3) They also stated in the said 2nd advertisement that if they do not get any higher bid with in next 10 days, they will confirm the sale to the first bidder who quoted Rs.15 lacs.They have not informed when they will open the envelops in presence of the bidders. They also have informed about their offering to sell at a price less than the reserved price to the borrower.
My question is
a) Can the Securitisation Company ask for the 2nd biddings at a price below the reserved price & follow the procedure of opening the envelopes containing the offers in absence of the bidders? We understand that there is an effort by an officer to secretly buy the property at a much lower price by abusing the law. When bids are not opened in presence of the bidders there is room for price manipulation.

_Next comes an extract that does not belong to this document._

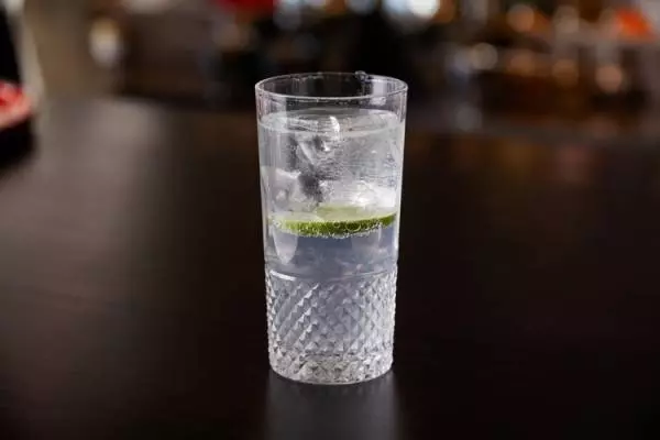 美しいカットグラスの中には大き目の氷が一つとその下にライムが一枚。きめ細やかな炭酸の泡が清々しい一杯です。「ジントニックで大切なのが清涼感。ここに今回一番重点を置きました。氷とライムで炭酸が逃げるのを極力カットし、最後の一滴まで香りと清々しさを楽しんでいただきたい」。最後の一滴までという西田さんの言葉通り、隅々にまで神経が行き届いています。
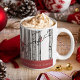 This modern winter and holiday season mug features hand-drawn birch trees with red Cardinal birds perched on branches in black ink, against an elegant white background. All text is editable. Personalise with your favourite Holiday greeting and your family name.

b) What should be done by the borrower for stopping the process of sale by this type of tender.

Guest
(Expert) 24 March 2012
Dear Shri Ganguly,
Although the company is not bound to wait for the bidder to be present at the pre-fixed bid opening time and can open the bids, but your observation is quit correct about some corrupt practices , like intention to sell the property at much low price than the reserved price to some company employee. Irregularity is quite evident on three counts, as follows:
1)In the case of sealed cover bids, the company should not have opened the bid if they wanted to extend the date for bids on account of single bid.
2) The company, if opened the bid and found the bid to be of much lower than the reserved price, should have cancelled the tender and fresh tenders were required to be called with the reserved price or revised reserved price.
3) Even if the company desired to extend date for bids after opening the bid, it should not have revealed the price of the existing bid (Rs.15 Lakhs). That clearly intended to call for the bids within the range of 15 lakhs only. The company was required to give its revised reserved price.